– Пустите, сосунки! – орал взбешенный старшина и никак не мог вырваться из цепких рук парней. Не ожидал он, что эти салаги окажутся такими сильными.
На шум из кубрика выскочил мичман:
– Что такое? Что за галдеж?
Ребята отпустили Лубенцова, он закричал на мичмана:
– Твоя работа! Видишь, какой мужик стал! На людей кидается!
Широкая каменная грудь Лубенцова ходила ходуном, он не мог отдышаться. Мичман мгновенно понял, что к чему, и приказал:
– Прекратить! Все по местам!
– А я б тебя придушил, – вдруг процедил сквозь зубы Дергушин.
– Ты-ы!.. – темная вода набежала на глаза Лубенцова. – Уши свои подбери, а то по ветру хлопают!

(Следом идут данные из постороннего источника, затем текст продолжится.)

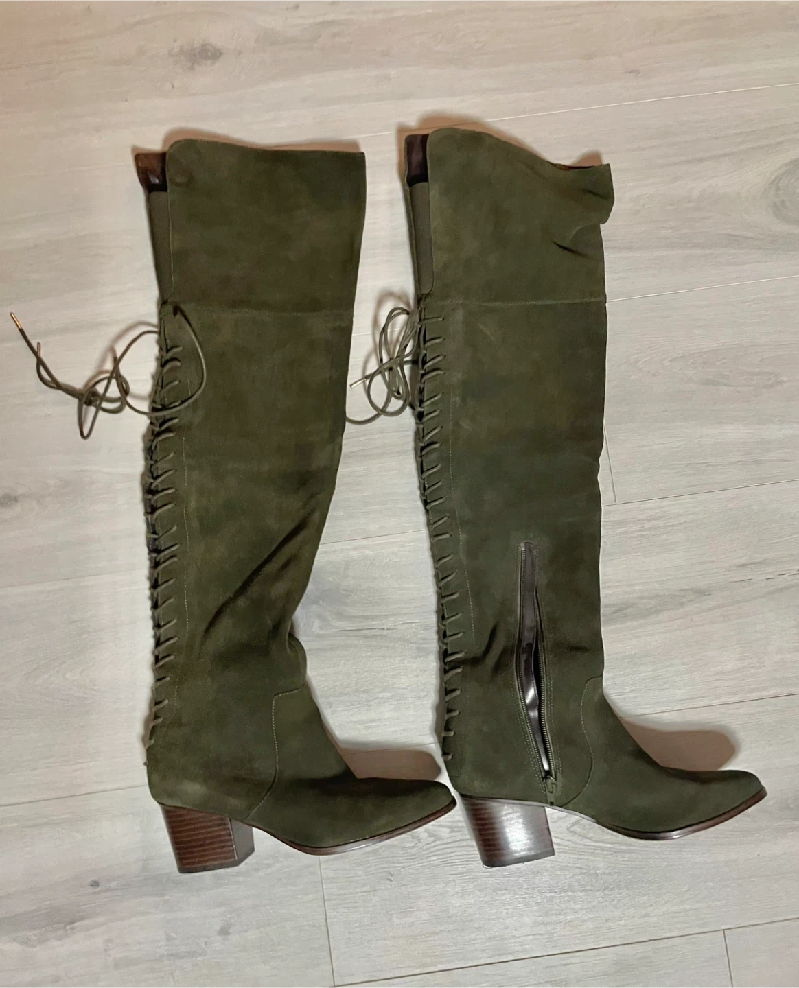 Stunning Olive Thigh-High Suede Boots – NEW!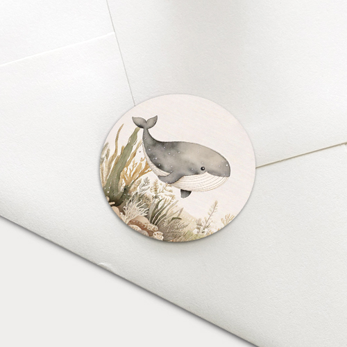Sluitzegel voor geboortekaartje met onderwaterwereld thema en walvis.
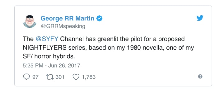 Game of Thrones fans may soon have another series to hold them over while they're awaiting more episodes of their favorite medieval fantasy, as Syfy has ordered a pilot for Nightflyers, another George R. R. Martin production. The author confirmed the news on Twitter on June 26, 2017: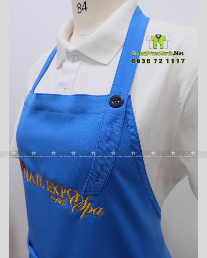 Mẫu tạp dề nail thêu logo Nail Expo and Spa được thiết kế theo phong cách tươi sáng và chuyên nghiệp, phù hợp với không gian làm đẹp hiện đại.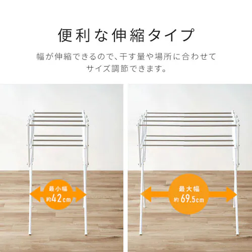 | 幅が伸縮できるので、干す量や干す場所に合わせてお好みのサイズに調節できます。 | |||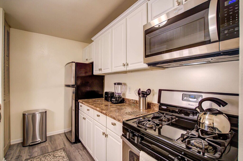 Feel at home in this 1-bedroom second-floor apartment. This extended-stay unit is designed for the long-term guest and features a 65" Roku Smart TV, a large sofa, two chairs in the living room, a king-size bed with dual nightstands, two large closets in the bedroom, a dining area with seating for four, a dishwasher, and extra sheets and towels. The apartment includes a balcony off the living room. Free off-street parking is available in the back and the front of the building. There are no assigned stalls, so you may park in whichever stall is open. Located near the intersection of Milwaukee, Greenfield, and New Berlin, this apartment is a 10-minute drive to St Luke's and MKE Med Center, and a 25-minute bus ride to St Luke's. You can hop on the highway bypass in 2 minutes to get anywhere in the city. Target and Home Depot are 1 mile away, and there are 16 restaurants and bars within 3 miles. The Metro Bus Stop is a 3-minute walk from the apartment, and the metro system will take you almost anywhere in the city. This is a quiet building, so please remember to keep the noise to a minimum. Any smoking will result in immediate cancellation of the reservation with no refund for the entire stay. The charge to remediate smoking is the actual costs of complete environmental remediation or $3,000, whichever is lower. Excessive noise violations after the first complaint will result in cancellation of the reservation with no refund. Pets on the premises without advance written permission will result in the actual costs of complete environmental remediation or $3,000, whichever is lower. Keep the apartment, furniture, dishes, linens, and towels reasonably clean during your stay. Please only use the black towels for makeup removal. If you are staying in a pet-friendly apartment, pet waste should be cleaned up and disposed of in the outside trash. Please contact us immediately if there is damage to anything in the apartment or the property so we can address it as soon as possible. If there is damage to the apartment and we are not notified, it can result in cancellation of the reservation. Missing or destroyed fixtures or personal property will result in the actual replacement cost plus a restocking fee of $50.00. Includes a dedicated workspace with a desk and work chair. [SI]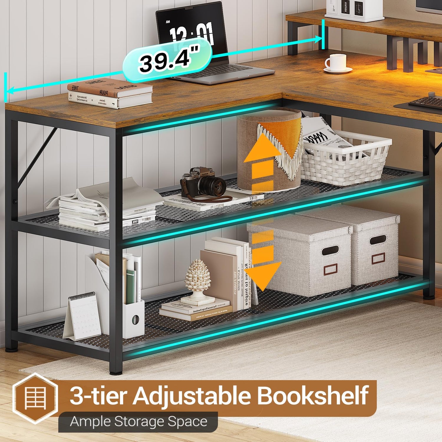 SEDETA 67" L Shaped Desk with Drawers, Computer Office Desk with Storage Shelves & Power Outlet, Reversible Gaming Desk with LED Lights for Home Office, Rustic Brown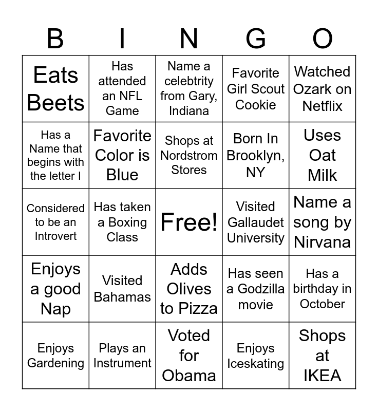 This bingo card has a free space and 24 words: Visited Bahamas, Plays an Instrument, Shops at Nordstrom Stores, Enjoys Gardening, Watched Ozark on Netflix, Eats Beets, Has a Name that begins with the letter I, Has attended an NFL Game, Visited Gallaudet University, Adds Olives to Pizza, Born In Brooklyn, NY, Considered to be an Introvert, Has seen a Godzilla movie, Has a birthday in October, Favorite Color is Blue, Enjoys Iceskating, Name a song by Nirvana, Name a celebtrity from Gary, Indiana, Uses Oat Milk, Has taken a Boxing Class, Shops at IKEA, Enjoys a good Nap, Favorite Girl Scout Cookie and Voted for Obama.
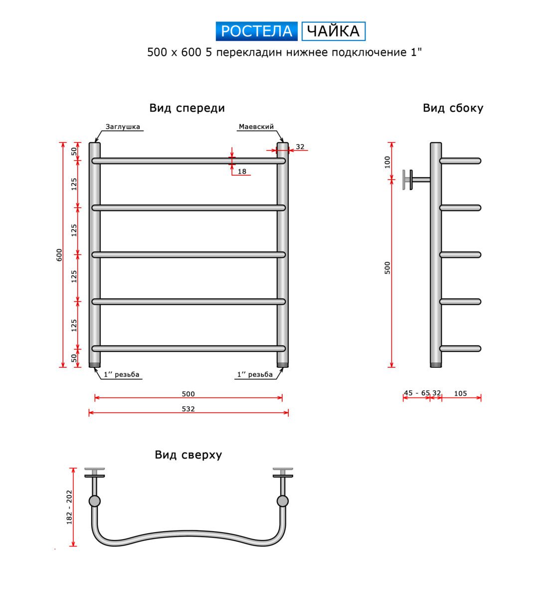 Полотенцесушитель Ростела Чайка (нижн.подв., 1" резьба) 500 х 600 / 5

Димка терпеть не мог, когда говорили про его смешно оттопыренные уши. Прижав руки к груди и дергая побелевшими губами, Димка медленно двинулся на Лубенцова.
– А ну хватит! – срываясь на визг, прикрикнул мичман. – Прекратить! Всех посажу на «губу»! Дергушин, Хохлов, за работу! Реутов, иди в барак, от работы отстраняю! Старшина Лубенцов, возьмите себя в руки! Какой вы пример показываете! Безобразие! Сегодня же доложу командованию!
– Доброхот какой, мать твою!.. – зло ощерился Лубенцов. – Добился своего! Видал! Твоя работа!..
Из крика и мата Лубенцова Костя вдруг понял, что мичман ходил к Любе и уговаривал ее. Будто бичом стеганули, Костя задохнулся от боли и стыда. Вот, оказывается, что! Люба просто пожалела его! Она никогда и не любила! Поэтому так легко и порвала с ним.
Костя перепрыгнул через борт, взлетел одним махом по трапу на ряжи и побежал, сам не зная куда, лишь бы подальше от всех, лишь бы с глаз долой. Ноги сами принесли его на поляну, где они часто бывали вдвоем с Любой. Он упал в холодный, уже по-осеннему ломкий мох.
Здесь его и нашла Люба.
Когда ей обо всем, что случилось на водолазном боте, торопливо рассказал Дергушин, охнула она и кинулась со всех ног искать Костю именно здесь, чутьем почуяла, где он. Опрометью выскочив из барака, простоволосая, заметалась между валунов, придерживая рукой сердце.
Увидев его лежащим на поляне, она чуть в голос не ударила, подумав самое плохое. Но когда поняла, что он жив, у нее подкосились ноги, она обессиленно опустилась на валун и заплакала.
Костя поднял голову.
– Ты!.. Ты!.. – не понимая, что делает, бросал в нее обидные, хлесткие, полные презрения слова, а она, покорно опустив голову, беззвучно плакала. Косте же казалось, что она притворяется, и он вспоминал все тяжелые, жгучие и постыдные для женщины слова и хлестал ими Любу. Не ожидала она таких попреков, и ее слепые от слез глаза неподвижно, с удивленным ужасом смотрели на него. Жестоко обозвав ее, он ушел. Рваным голосом она что-то крикнула вслед, он не обернулся... Костя шел, сам не зная куда, давил под ногами бруснику, будто кровью пятнал землю. На сердце было пусто и холодно, как на пепелище. Он ощутил враждебность пространства, почувствовал собственную беспомощность перед судьбою, заброшенность на край света. Зверем вой – никто не услышит.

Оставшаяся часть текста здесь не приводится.